*** RECORDS FOR THE EXERCISE ***
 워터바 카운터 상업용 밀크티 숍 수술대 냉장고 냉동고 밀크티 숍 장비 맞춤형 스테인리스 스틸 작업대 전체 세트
*** End of RECORDS FOR THE EXERCISE ***
*** RECORDS FOR THE EXERCISE ***
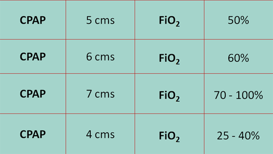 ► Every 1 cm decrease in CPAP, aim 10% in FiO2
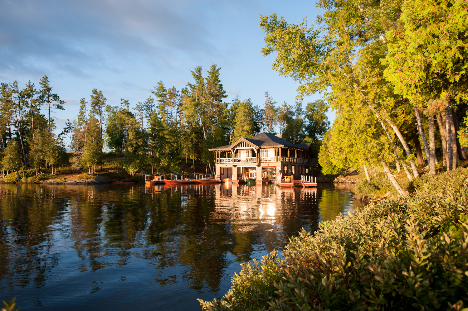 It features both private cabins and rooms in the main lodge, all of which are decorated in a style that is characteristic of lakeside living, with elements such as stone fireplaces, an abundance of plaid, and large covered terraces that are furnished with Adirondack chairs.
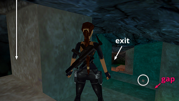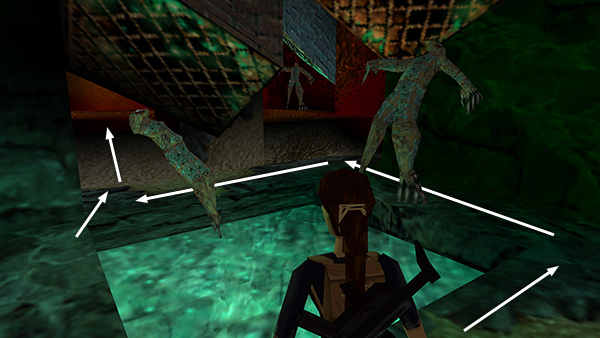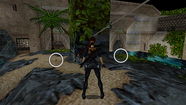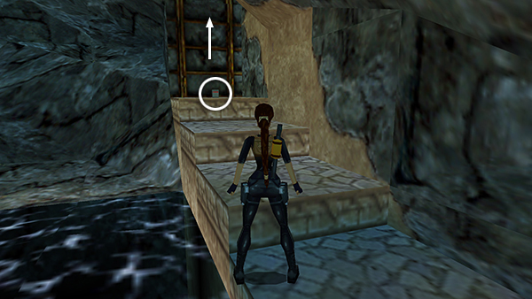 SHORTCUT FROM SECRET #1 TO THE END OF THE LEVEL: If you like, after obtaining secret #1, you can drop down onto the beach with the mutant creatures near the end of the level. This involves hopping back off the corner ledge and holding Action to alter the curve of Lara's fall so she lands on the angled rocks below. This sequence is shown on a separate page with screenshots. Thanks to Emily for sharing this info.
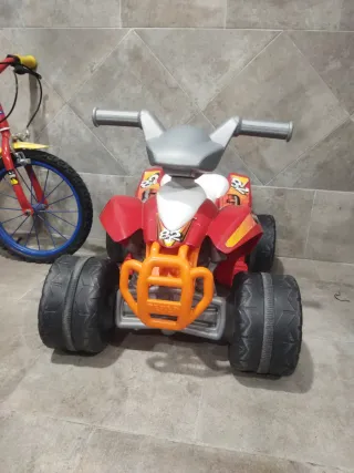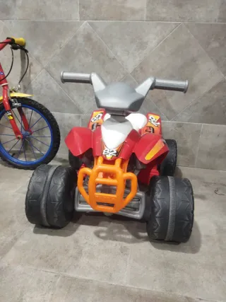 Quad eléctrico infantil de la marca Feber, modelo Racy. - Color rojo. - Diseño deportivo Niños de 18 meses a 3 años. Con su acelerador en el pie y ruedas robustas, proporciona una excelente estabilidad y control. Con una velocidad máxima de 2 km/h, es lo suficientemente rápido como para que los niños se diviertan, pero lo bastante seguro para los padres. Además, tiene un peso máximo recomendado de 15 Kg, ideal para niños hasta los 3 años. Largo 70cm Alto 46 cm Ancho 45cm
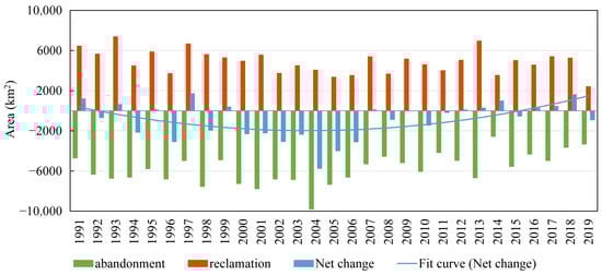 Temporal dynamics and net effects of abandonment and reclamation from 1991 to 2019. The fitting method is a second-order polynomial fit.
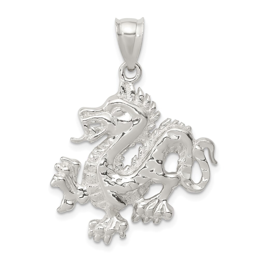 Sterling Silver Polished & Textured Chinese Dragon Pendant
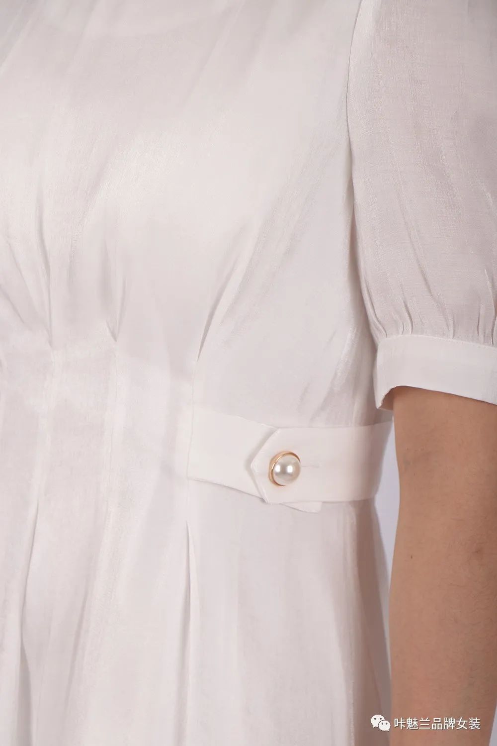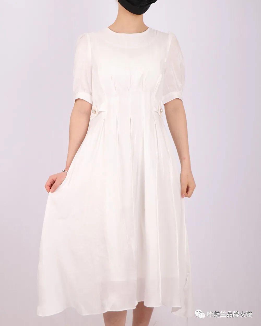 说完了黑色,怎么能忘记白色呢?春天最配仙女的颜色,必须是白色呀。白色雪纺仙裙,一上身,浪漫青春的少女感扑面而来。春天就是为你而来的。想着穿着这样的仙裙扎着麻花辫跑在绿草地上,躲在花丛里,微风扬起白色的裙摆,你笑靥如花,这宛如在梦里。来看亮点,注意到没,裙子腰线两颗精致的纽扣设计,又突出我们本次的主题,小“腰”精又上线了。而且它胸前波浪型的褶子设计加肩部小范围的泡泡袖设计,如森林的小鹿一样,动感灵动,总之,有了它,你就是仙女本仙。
*** End of RECORDS FOR THE EXERCISE ***
WHAT NEEDS TO BE DONE
Write out word for word the lines above that run from the one with "Quad eléctrico infantil" to the one with "说完了黑色,怎么能忘记白色呢". Include both end lines; exclude the images.

EXPECTED ANSWER
 Quad eléctrico infantil de la marca Feber, modelo Racy. - Color rojo. - Diseño deportivo Niños de 18 meses a 3 años. Con su acelerador en el pie y ruedas robustas, proporciona una excelente estabilidad y control. Con una velocidad máxima de 2 km/h, es lo suficientemente rápido como para que los niños se diviertan, pero lo bastante seguro para los padres. Además, tiene un peso máximo recomendado de 15 Kg, ideal para niños hasta los 3 años. Largo 70cm Alto 46 cm Ancho 45cm
 Temporal dynamics and net effects of abandonment and reclamation from 1991 to 2019. The fitting method is a second-order polynomial fit.
 Sterling Silver Polished & Textured Chinese Dragon Pendant
 说完了黑色,怎么能忘记白色呢?春天最配仙女的颜色,必须是白色呀。白色雪纺仙裙,一上身,浪漫青春的少女感扑面而来。春天就是为你而来的。想着穿着这样的仙裙扎着麻花辫跑在绿草地上,躲在花丛里,微风扬起白色的裙摆,你笑靥如花,这宛如在梦里。来看亮点,注意到没,裙子腰线两颗精致的纽扣设计,又突出我们本次的主题,小“腰”精又上线了。而且它胸前波浪型的褶子设计加肩部小范围的泡泡袖设计,如森林的小鹿一样,动感灵动,总之,有了它,你就是仙女本仙。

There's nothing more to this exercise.